They would get a better quality of students if they followed the example of the first university and had all the lectures in Latin.
The approach that I have taken with my children with their entire eduction (elementary thru college age and beyond) focuses on what their needs are at a particular time and balancing that with finances. My children have seen a mixture of private school, home school, public school, cyber school and traditional college. My elder daughter is now venturing into non-traditional college student role (e.g., not a full-time student on/near campus) where she is working and also going to college; sometimes part-time and other times full-time.
All of this is predicated on the notion of acquiring knowledge for different purposes. The current purpose for my elder daughter is career related. When my children were young, it was all about being literate. When they were high school age, it was about useful life knowledge and transitioning to a career/job.

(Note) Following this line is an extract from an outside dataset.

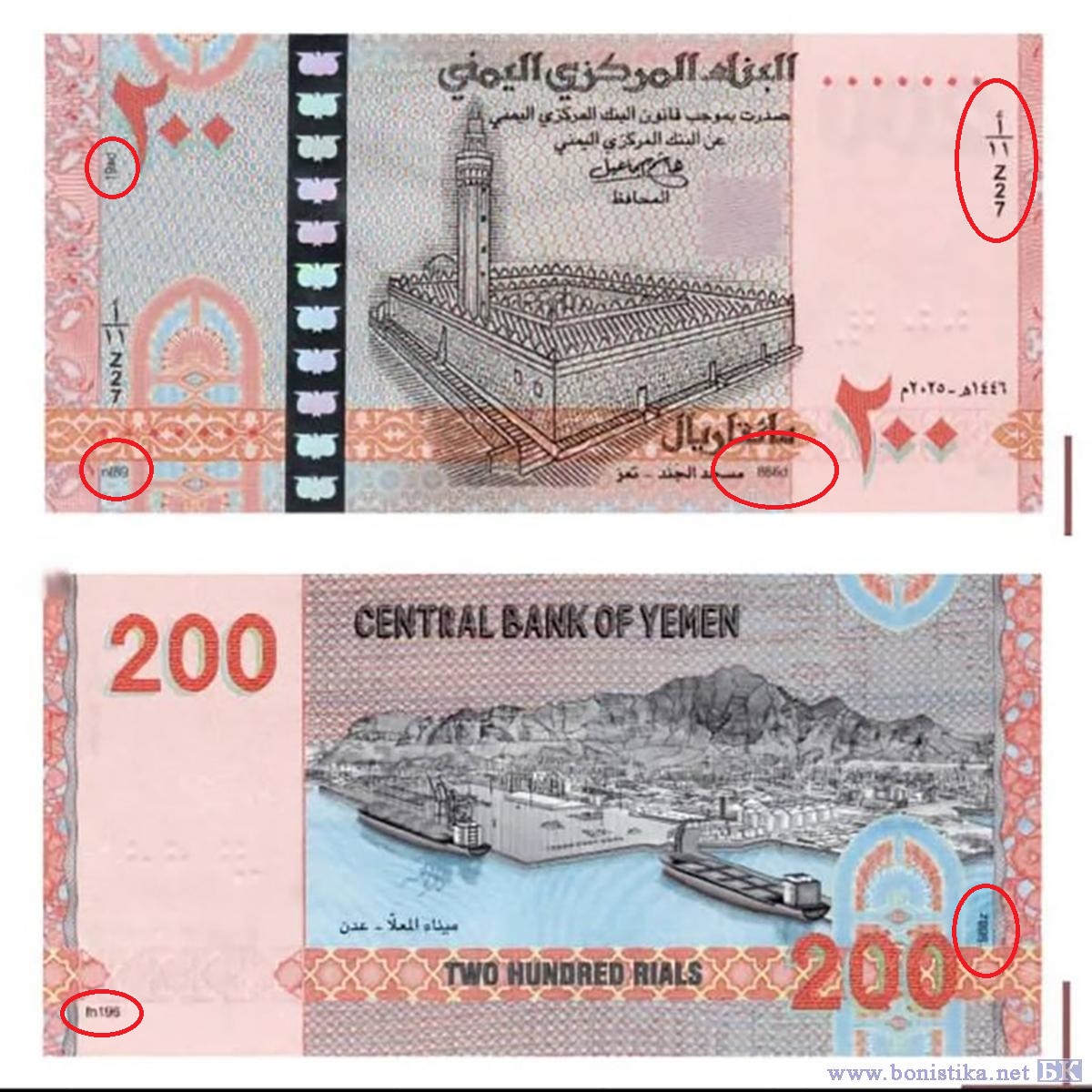 Сначала показалось, что вот этот коротенький номер i/11 Z27 и есть номер банкноты, подумалось, как так, а потом в рекламных материалах показали реальные банкноты, стало понятно, что номер - красные цифры, а черные - скорее некая серия. Зато большой простор для всяких контрольных сумм дают вот эти шесть (шесть? включая "серию") кодов на банкноте. Наверняка их комбинация должна работать на проверку подлинности

One of my primary education objectives for my children from the very beginning was never to constrain any of their options as an adult. In practice, that is basically making sure that they don't take some blow-off class instead of a more rigorous class that lead somewhere. For instance, to fill a graduation requirement a student can take a general math course or something like statistics for dummies. I would make my kids take calculus instead of general math and a calc-based stat course. They were never keen on math, but they could do it. However, the option for a further learning or a career that requires mathematics or statistics was never cut off.
I think this pragmatic approach is much better than government mandated requirements to learning/graduation. Both of my daughters have always exceeded government mandated requirements. By the way, this has little to do with intelligence or ability.
But we are in one of the top-ranked school districts in Pennsylvania and I didn't want her limiting her options for college by trying something new. I'm now sorry I didn't let her.
Pennsylvania has some very good cyber schools now (and a few fly-by-night outfits) which are cutting into the educrat revenue stream.
I’ve been arguing this for years.
The current system, culminating in debt that can’t ever be paid off, is not sustainable. And that doesn’t even address the bilge they are being taught.
Why limit yourself to a single university’s faculty when you have the technology to learn from the best in the world at whatever the subject?